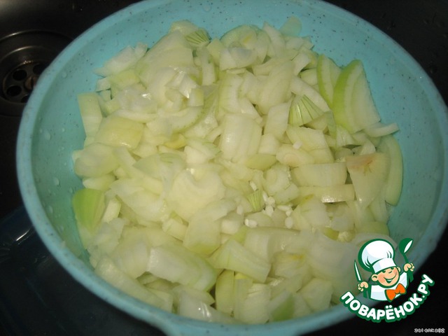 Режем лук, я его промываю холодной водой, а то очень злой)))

==

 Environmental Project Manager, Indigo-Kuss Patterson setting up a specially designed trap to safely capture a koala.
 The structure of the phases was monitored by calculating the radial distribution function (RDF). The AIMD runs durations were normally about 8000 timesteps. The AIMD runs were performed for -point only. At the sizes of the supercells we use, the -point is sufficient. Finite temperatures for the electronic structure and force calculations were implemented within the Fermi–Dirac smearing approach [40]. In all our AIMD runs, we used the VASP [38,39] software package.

PROMPT:
Copy out each line of the data above, exactly, if it lies between the line holding "Environmental Project Manager, Indigo-Kuss" and the line holding "The structure of", inclusive; copy no other line.

EXERCISE SOLUTION:
 Environmental Project Manager, Indigo-Kuss Patterson setting up a specially designed trap to safely capture a koala.
 The structure of the phases was monitored by calculating the radial distribution function (RDF). The AIMD runs durations were normally about 8000 timesteps. The AIMD runs were performed for -point only. At the sizes of the supercells we use, the -point is sufficient. Finite temperatures for the electronic structure and force calculations were implemented within the Fermi–Dirac smearing approach [40]. In all our AIMD runs, we used the VASP [38,39] software package.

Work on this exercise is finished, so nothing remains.